Gene Ontology (GO) analysis identified pathways, including responses to IL1, WNT, and TGFβ, as the top enriched pathways associated with dFB_r2 cells in human psoriasis (Fig. 8F). Given our previous findings that TGFβ and WNT are key inhibitors of dermal adipogenesis15,18, their overactivation may impede the transition of pro-inflammatory pAds into anti-inflammatory adipocytes, thereby potentially exacerbating dermal inflammation.

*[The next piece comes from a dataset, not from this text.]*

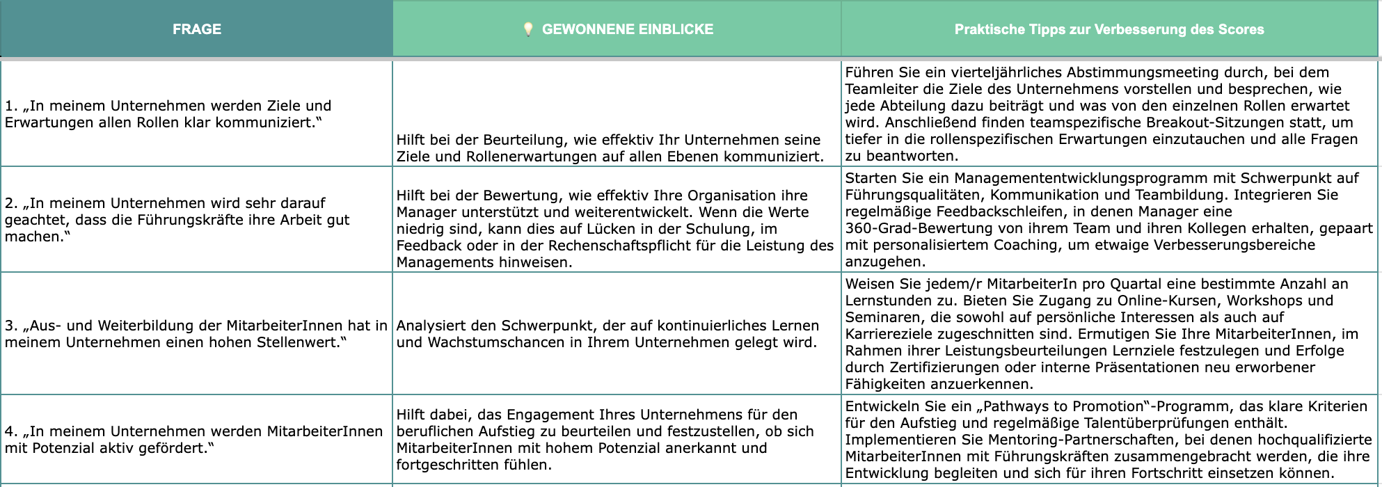 💡 Einblicke: Hilft bei der Beurteilung, wie effektiv Ihr Unternehmen seine Ziele und Rollenerwartungen auf allen Ebenen kommuniziert.

To gain insight into the increased neutrophil infiltration in generalized pustular psoriasis (GPP) compared to plaque psoriasis (PV), we analyzed transcriptomic data from normal, PV, and GPP human skin samples (GSE79704)38. We found that GPP samples expressed higher levels of IL1B, CXCL1, and key adipogenesis inhibitor genes WNT3 and TGFB1, compared to normal and/or PV samples. In contrast, genes related to adipogenesis, including PPARG, PRG4, CEBPB, and FABP4, were downregulated in GPP samples (Fig. 8G, S8B). Furthermore, correlation analyses showed that IL1B expression positively correlated with CXCL1 and negatively with PPARG and PRG4, while PPARG and PRG4 exhibited a positive correlation (Fig. 8H, S8C).